Here's the final modified pseudocode:

procedure DFS(G, u, visited)
    if visited(u) = false then
        visited(u) := true
        for each edge (u, v) in E(G)
            DFS(G, v, visited)

procedure SPFA(G, s)
    for each vertex v ≠ s in V(G)
        d(v) := ∞
        visits(v) := 0
    d(s) := 0
    push s into Q
    while Q is not empty
        u := pop Q
        visits(u) := visits(u) + 1                      // increment visit count
        if visits(u) < |V| then                         // relaxation step
            for each edge (u, v) in E(G)
                if d(u) + w(u, v) < d(v) then
                    d(v) := d(u) + w(u, v)
                    if v is not in Q then
                        push v into Q
    for each vertex u in V(G)
        visited(u) := false
    for each vertex u in V(G), where visits(u) = |V|
        DFS(G, u, visited)
    for each vertex u in V(G), where visited(u) = true
        d(u) := -∞
1
votes

The content of my answer will mostly be taken from this article.

In the original paper for the Bellman-Ford algorithm it was proven that in a directed weighted graph with no negative cycles, the shortest path has length at most |V|-1 edges.

We can use this fact to detect a negative cycle with the SPFA. We simply have to keep an additional array that stores the length (in number of edges) of the current shortest path for each vertex. Once this number reaches |V| for any vertex, we know that there is a negative cycle in the graph.

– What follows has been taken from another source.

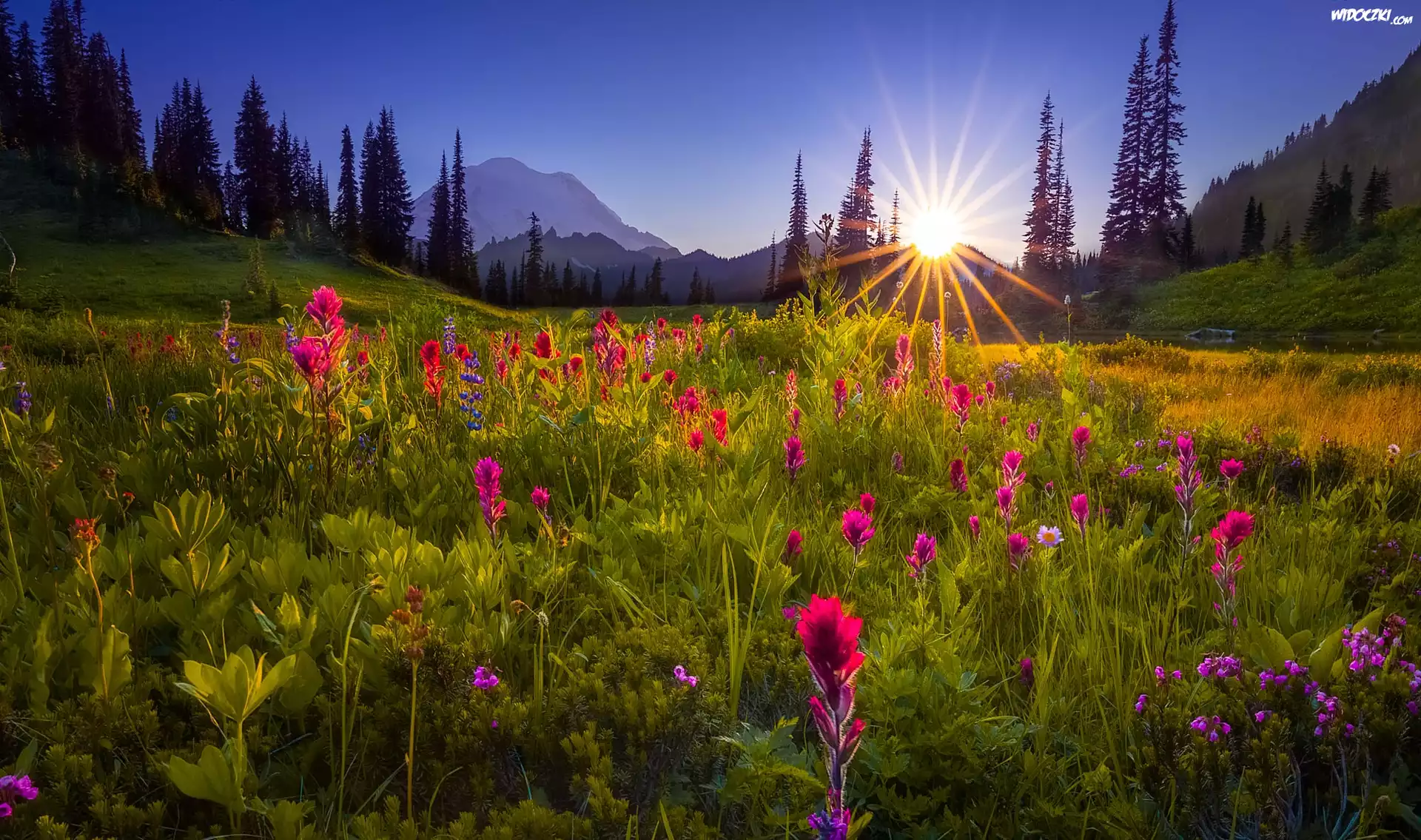 Zdjęcia, Łąka, Kwiaty, Góry, Promienie słońca
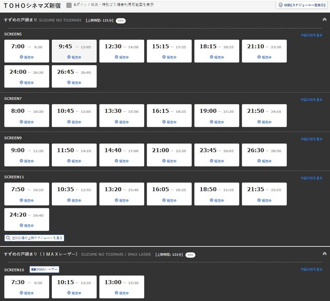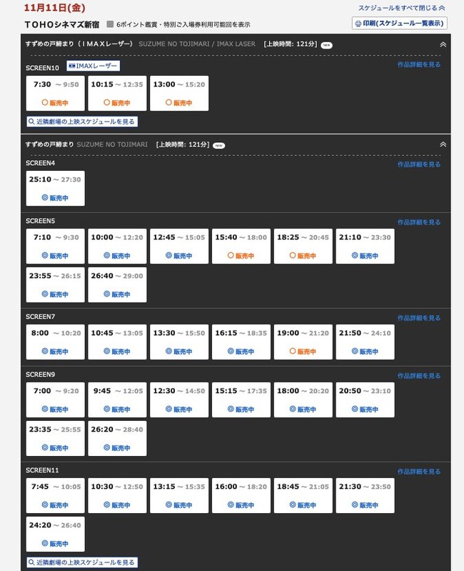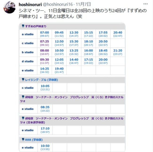 公開初週の「すずめの戸締まり」、TOHOシネマズ新宿の上映回数は30回。そして、TOHOシネマズ渋谷は、なんと全6スクリーン中4スクリーンで上映。https://t.co/ehkFOMitBj pic.twitter.com/YSefUSVOPC

Below is the pseudocode for detecting negative cycles with SPFA. It has been modified so that each vertex has a starting "shortest path" of 0. This is equivalent to creating an imaginary source s and connecting s to every vertex with an edge of weight 0. This ensures that you can find negative cycles even if the graph isn't connected.

function SPFA(G):
    for v in V(G):
        len[v] = 0
        dis[v] = 0
        Queue.push(v)
    while !Queue.is_empty():
        u = Queue.pop()
        for (u, v) in E(G):
            if dis[u] + w(u, v) < dis[v]:
                len[v] = len[u] + 1
                if len[v] == n:
                    return "negative cycle detected"
                dis[v] = dis[i] + w(u, v)
                if !Queue.contains(v):
                    Queue.push(v)
    return "no negative cycle detected"

If you want to find the negative cycle, you can read through the article linked above, as it tackles that as well.